| INSTRUCTIONS FOR THE TASK |
Nothing is needed except the lines below that run from the one with "在第一天的本科教育教学会议上" through the one with "スリムフィット リブ タフトネック ニットセーター 1020", repeated exactly.

| EXERCISE DATA |
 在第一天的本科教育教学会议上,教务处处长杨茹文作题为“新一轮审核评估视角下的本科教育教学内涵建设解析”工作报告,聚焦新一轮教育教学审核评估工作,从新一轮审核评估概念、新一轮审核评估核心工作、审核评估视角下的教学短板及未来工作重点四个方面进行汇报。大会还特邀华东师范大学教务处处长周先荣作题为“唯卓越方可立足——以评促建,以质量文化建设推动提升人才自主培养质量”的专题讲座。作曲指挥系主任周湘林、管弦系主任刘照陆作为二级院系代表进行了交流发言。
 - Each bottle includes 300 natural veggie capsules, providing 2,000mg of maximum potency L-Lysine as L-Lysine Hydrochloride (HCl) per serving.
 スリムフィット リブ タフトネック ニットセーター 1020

--

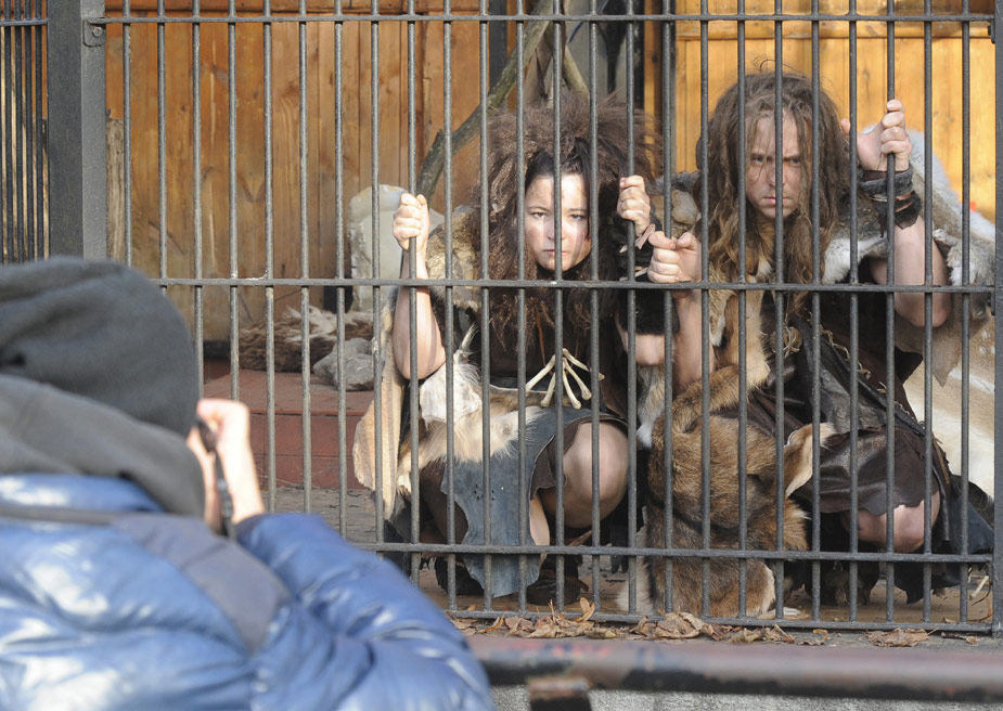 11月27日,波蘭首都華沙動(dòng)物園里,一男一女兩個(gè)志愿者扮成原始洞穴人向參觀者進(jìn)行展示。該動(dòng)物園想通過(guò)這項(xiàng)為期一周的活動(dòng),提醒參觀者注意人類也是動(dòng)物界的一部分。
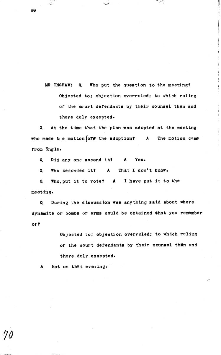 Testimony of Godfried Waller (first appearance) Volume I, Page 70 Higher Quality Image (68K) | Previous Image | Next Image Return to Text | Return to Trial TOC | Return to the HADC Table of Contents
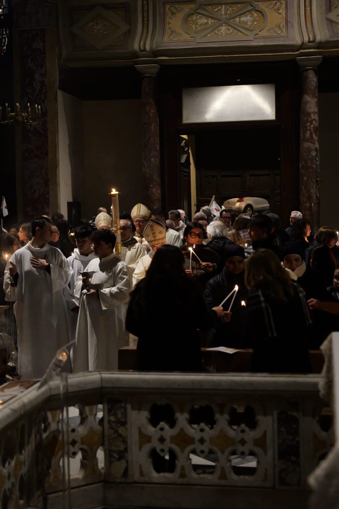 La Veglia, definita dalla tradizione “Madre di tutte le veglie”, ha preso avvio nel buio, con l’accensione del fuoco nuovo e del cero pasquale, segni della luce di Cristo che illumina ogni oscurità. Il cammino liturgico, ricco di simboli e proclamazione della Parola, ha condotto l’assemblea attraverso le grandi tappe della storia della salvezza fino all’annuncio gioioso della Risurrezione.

| SOLUTION TO THIS TASK |
 在第一天的本科教育教学会议上,教务处处长杨茹文作题为“新一轮审核评估视角下的本科教育教学内涵建设解析”工作报告,聚焦新一轮教育教学审核评估工作,从新一轮审核评估概念、新一轮审核评估核心工作、审核评估视角下的教学短板及未来工作重点四个方面进行汇报。大会还特邀华东师范大学教务处处长周先荣作题为“唯卓越方可立足——以评促建,以质量文化建设推动提升人才自主培养质量”的专题讲座。作曲指挥系主任周湘林、管弦系主任刘照陆作为二级院系代表进行了交流发言。
 - Each bottle includes 300 natural veggie capsules, providing 2,000mg of maximum potency L-Lysine as L-Lysine Hydrochloride (HCl) per serving.
 スリムフィット リブ タフトネック ニットセーター 1020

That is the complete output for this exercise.